My hope is built on nothing less
Than Jesus’ blood and righteousness.

I realized that God created the world however he wanted, and for me to limit how he could or couldn’t have done it actually degraded and dishonored him. I was humbled as God showed me I still had much to learn about his word and his world. He showed me that there was more to being a faithful Christian than adopting a literal translation of Genesis.

Although I accepted evolution in animals, I was slower to accept evolution as a mechanism for human appearance, as I did not see a way to reconcile Adam and Eve with this process. A few key individuals, however, aided me in this area, namely Francis Collins and C.S. Lewis. I learned of Francis Collins around the same time I heard that C.S. Lewis was actually a theistic evolutionist, and proceeded to buy up every work of Lewis I could find, along with borrowing Francis Collins’ book “The Language of God” from the local library.

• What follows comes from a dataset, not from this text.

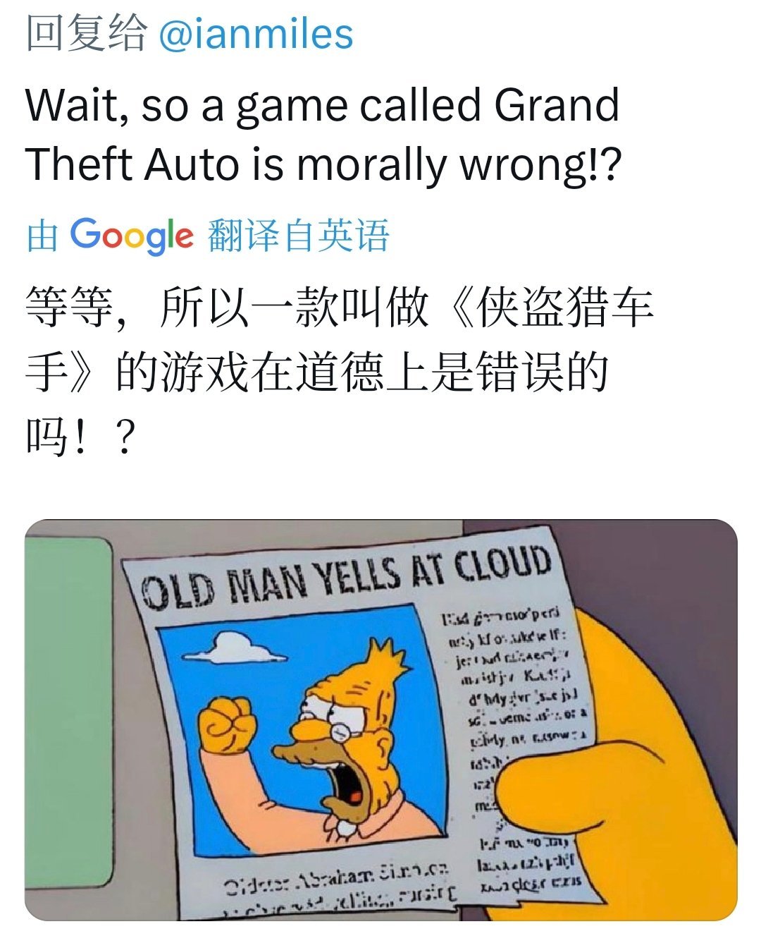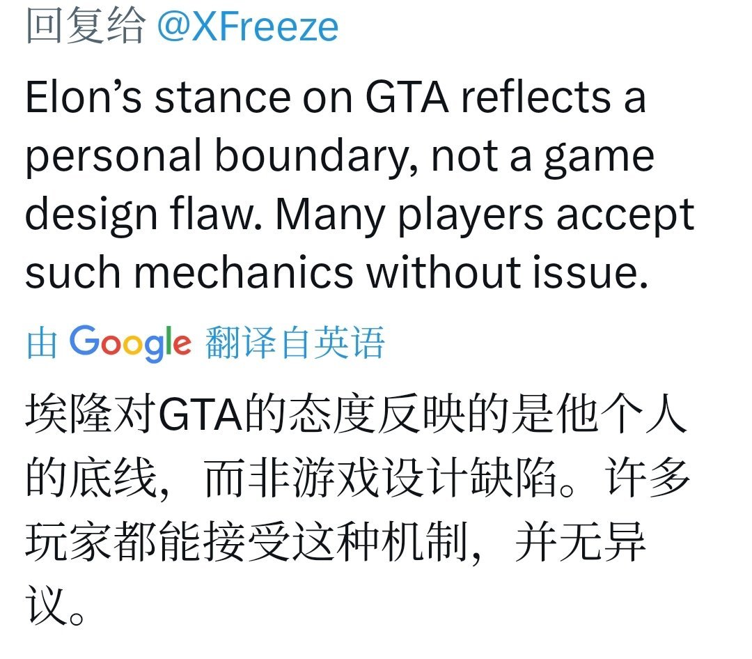 这是马斯克对GTA系列的“老调重弹”。早在2023年GTA6预告发布时,他就发帖称“试过GTA,但不喜欢犯罪,尤其是GTA5开头必须射警察”。2024年3月,他又回复一帖:“我玩不了GTA,即使他们只是NPC,我也不想伤害他们。”

I was intrigued with Francis Collins’ discovery of the genetic evidence for evolution and how, rather than weakening his faith, it strengthened it. Through his book I saw a genuine passion for Christ and for scientific discovery, and this in turn has led me to BioLogos, which has been an immensely helpful resource on everything from the days of Genesis 1, to the genealogies of Genesis 5, and much more. I began to see the science for evolution as a viable model for human emergence.

If Dr. Collins was who convinced my head on the matter, then it was C.S. Lewis, a man who inspired Collins as well, who convinced my heart. He showed his wisdom as I read his interpretation of the Genesis text as a form of “true myth”. With absolute eloquence, Lewis demonstrated how the “fall” might not be a literal historical event, and yet still be theologically sound in its concept of how sin came about. That Genesis was conveying a much deeper truth than simple history, and yet remained true, had never occurred to me. With this new knowledge, scientific and theological, I found peace with the thought of God using evolution as his tool of creation.

I’m still working out the kinks, and I will not lie and say that finding the scriptural answers to the new questions has been (or will be) easy, but that’s okay. I have also been humbled enough to know that being truly “biblical” means I shouldn’t be looking for answers that are easy anyway—It means I should look for the answers that are there.